Le geste artistique et le propos sont donc les points cardinaux de leur motivation. Pas forcément la web-série, média qui leur a beaucoup apporté mais qui n’est que le fruit d’un heureux concours de circonstances. Actuellement, ils finalisent ainsi une exposition de photos tirée de leurs rencontres et pensent respectivement à de nouvelles créations, pièces de théâtre, projets graphiques, vidéo-clips… Là où les porte leur créativité foisonnante.

La théorie du Y

2. Tangui Horel, créateur de Valhalla (Auvio)

Si le nom de Tangui Horel vous dit déjà quelque chose, attendez d’entendre sa voix: c’est peut-être celle qui accompagne votre réveil du samedi matin. On l’entend en effet depuis cinq ans sur les ondes de Pure FM, actuellement (entre autres) aux commandes de la matinale Pure week-end. Après avoir mené une chronique régulière plutôt exaltée, scénarisée par ses soins, sur le thème des jeux vidéo, il est suggéré à l’animateur de tempérer des ardeurs qui se concilient difficilement avec le format radio.

Tangui Horel ©doc

Avant tout homme de son, Tangui Horel déplace alors le plaisir et l’énergie de l’écriture vers un projet qui le travaille depuis longtemps: la création d’une saga audio.

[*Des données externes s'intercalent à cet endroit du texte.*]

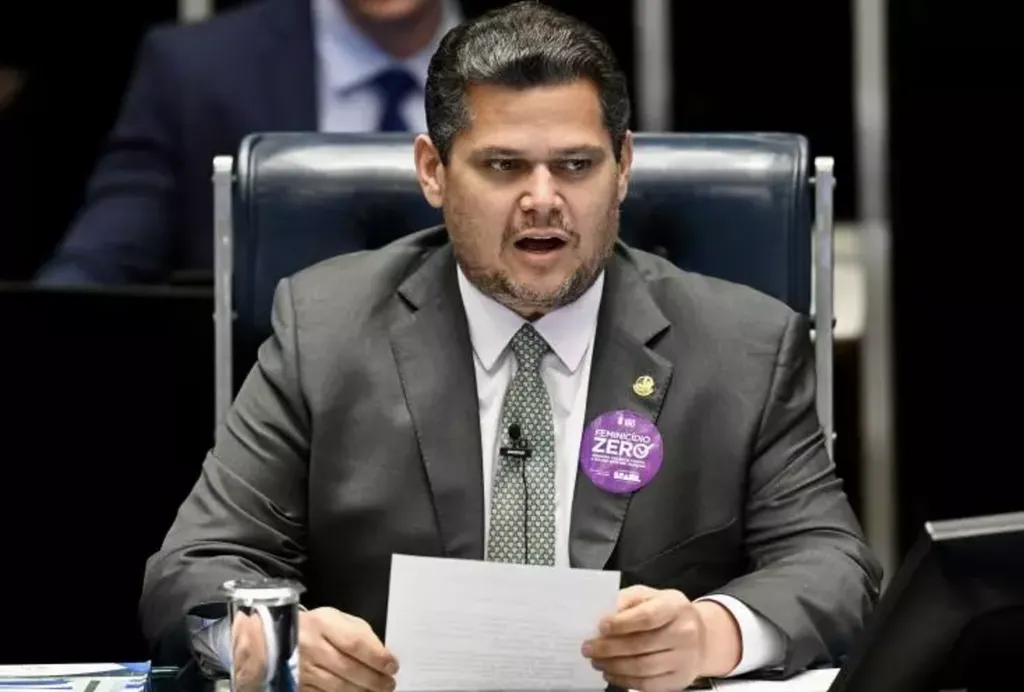 | Le président du Sénat brésilien, Davi Alcolumbre, lors d'une session consacrée au vote sur l'approbation de l'accord de libre-échange entre le Mercosur et l'Union européenne, le 4 mars à Brasilia. |

C’est ainsi que naît la série "Valhalla" (sur Auvio), un podcast fictionnel en huit épisodes, une enquête policière futuriste sur le mode du space opera.

Si la culture geek imprègne les recoins de son travail – les références fourmillent dans "Valhalla" – une forme de belgitude s’y invite aussi allègrement: du processus d’écriture aux lieux de production en passant par un casting "95% belgo-belge", le coup de projecteur sur le média plutôt discret dans nos contrées qu’est le podcast de fiction, s’envisage en même temps qu’une valorisation de ce que la Belgique peut offrir, dans l’approche défendue par Tangui Horel. On nous souffle par ailleurs dans l’oreillette que pour la mise en route d’une deuxième saison de "Valhalla", ça n’est pas l’envie qui manque…

Valhalla

3. Matthieu Donck, co-créateur et showrunner de "La Trêve"

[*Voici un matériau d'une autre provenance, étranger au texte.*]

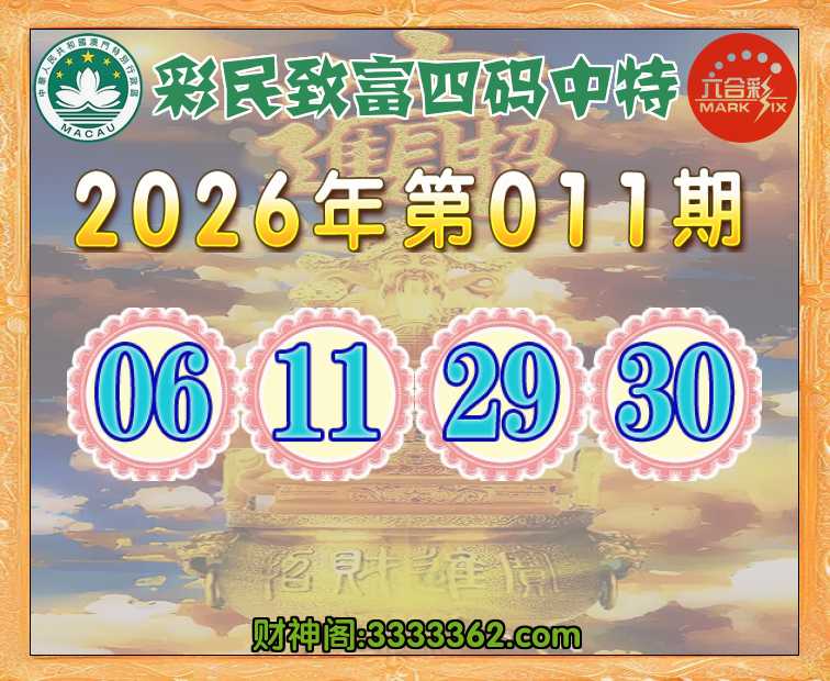 011期:【彩民致富】 🀄四码中特🀄【06.11.29.30】开:11

Diplômé d’une école artistique en réalisation-cinéma en 2004 Matthieu Donck voit son court-métrage de fin d’étude lui ouvrir des portes: il rencontre entre autres Dominique Janne, le producteur du "Maitre de musique" et "Les Convoyeurs attendent". Avec lui, il réalise plusieurs courts-métrages multiprimés et un long: "Torpédo", en 2012, avec François Damiens.

Matthieu Donck ©RV DOC

L’appel d’offres pour les séries télé de la RTBF est une opportunité qu’il saisit avec succès: les deux saisons de "La Trêve" et son retentissement international en sont le résultat. À côté de ses nombreux projets cinématographiques et télévisuels, Matthieu aime se diversifier et a déjà travaillé en bandes dessinées ("Shrimp", chez Dargaux), en théâtre et en cinéma d’animation, entre autres pour le Futuroscope de Poitiers.

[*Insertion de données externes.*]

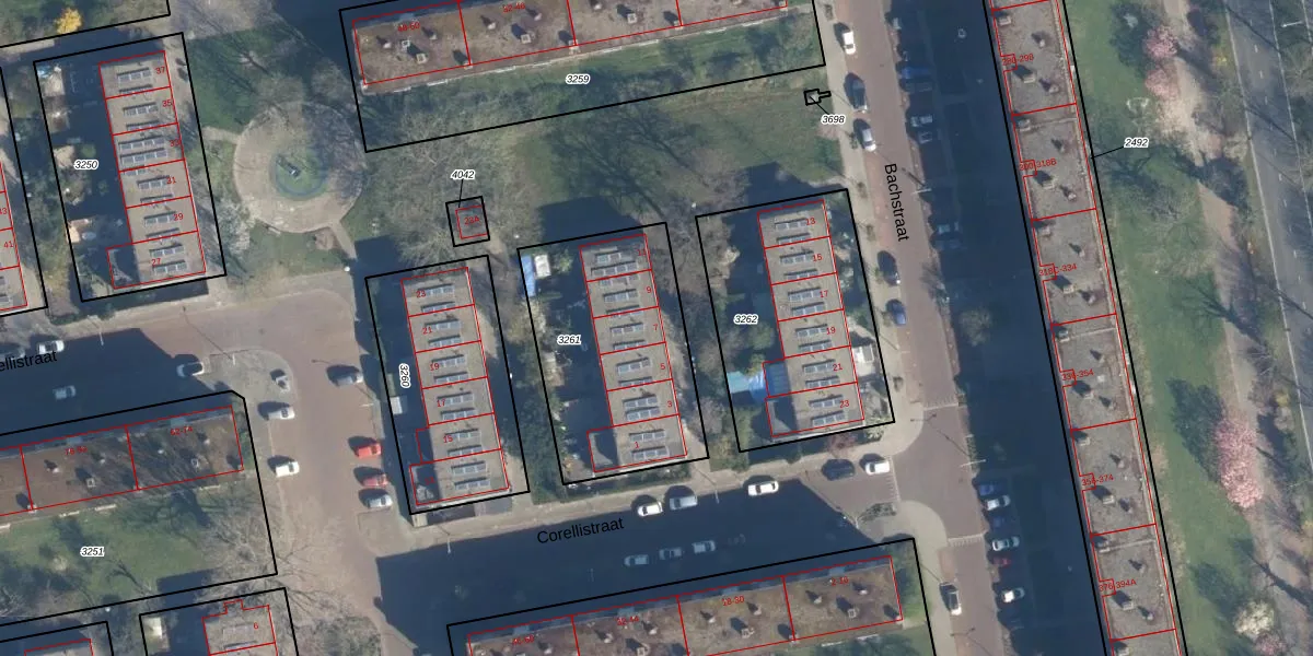 Corellistraat 7 is gelegen op kadastraal perceel LDN01O3261. Deze kadastrale aanduiding is uniek en wordt gebruikt door het Kadaster om eigendomsrechten en andere zakelijke rechten vast te leggen. Het perceel maakt onderdeel uit van de kadastrale gemeente Leiden.

Matthieu partage l’idée d’une création sérielle en ébullition, grâce aux appels d’offres de la chaîne publique et aux modèles rares mais précieux qui lui ont montré qu’on pouvait faire des Ardennes un lieu cinématographique. Il pense surtout aux films de Bouli Lanners et de Fabrice du Welz. Pour lui, "l’avantage de la série est qu’elle permet d’offrir des œuvres singulières à un grand public. Elle est un mégaphone pour une audience large qui découvre ou se reconnaît dans la Belgique, ses caractéristiques, ses accents, son identité et ses acteurs de talent." Il travaille aujourd’hui sur deux longs métrages et une nouvelle série: "Des gens bien".